#### Raw data:
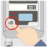 ガスメーターの復帰ボタンのキャップを外し、しっかり押して、ランプが点滅したらゆっくり手を離します。
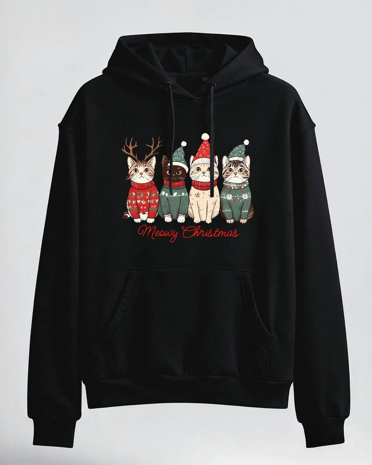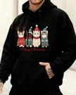 Meowy Christmas Cats in Holiday Sweaters Cozy Cotton Graphic Hoodie with Pocket-Casual Vintage,Long Sleeve,Soft Fabric,Comfortable Fit
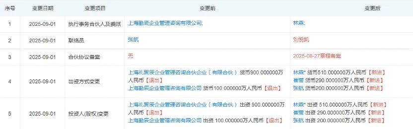 9月1日,勤辰基金的执行事务合伙人由“上海勤辰企业管理咨询有限公司”变更为林森个人;同一天,公司联络员由刘悦凯变更为张航,并备案了新的合伙协议。

#### What is required:
Retype the data above in full, exactly as it stands, and skip any image.

#### Solution for this exercise:
 ガスメーターの復帰ボタンのキャップを外し、しっかり押して、ランプが点滅したらゆっくり手を離します。
 Meowy Christmas Cats in Holiday Sweaters Cozy Cotton Graphic Hoodie with Pocket-Casual Vintage,Long Sleeve,Soft Fabric,Comfortable Fit
 9月1日,勤辰基金的执行事务合伙人由“上海勤辰企业管理咨询有限公司”变更为林森个人;同一天,公司联络员由刘悦凯变更为张航,并备案了新的合伙协议。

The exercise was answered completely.